[[ Supplied data, beginning ]]

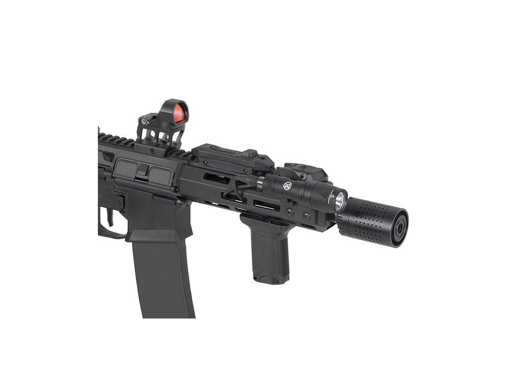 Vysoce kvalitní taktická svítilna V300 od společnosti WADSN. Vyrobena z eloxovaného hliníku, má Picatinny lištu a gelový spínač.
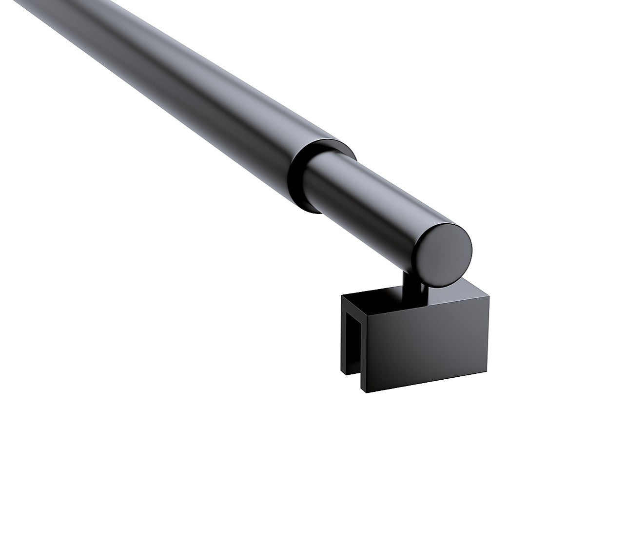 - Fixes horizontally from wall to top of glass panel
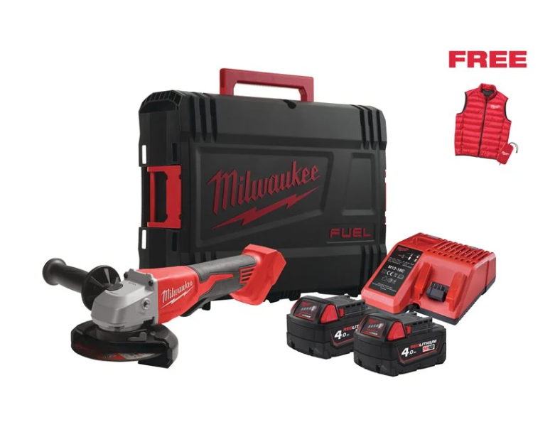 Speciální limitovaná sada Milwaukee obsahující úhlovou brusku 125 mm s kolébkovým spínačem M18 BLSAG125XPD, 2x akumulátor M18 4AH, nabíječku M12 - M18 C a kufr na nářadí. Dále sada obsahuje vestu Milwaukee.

[[ Supplied data, end ]]

Description of the task — Set down the data above verbatim, omitting every image.

Answer box —
 Vysoce kvalitní taktická svítilna V300 od společnosti WADSN. Vyrobena z eloxovaného hliníku, má Picatinny lištu a gelový spínač.
 - Fixes horizontally from wall to top of glass panel
 Speciální limitovaná sada Milwaukee obsahující úhlovou brusku 125 mm s kolébkovým spínačem M18 BLSAG125XPD, 2x akumulátor M18 4AH, nabíječku M12 - M18 C a kufr na nářadí. Dále sada obsahuje vestu Milwaukee.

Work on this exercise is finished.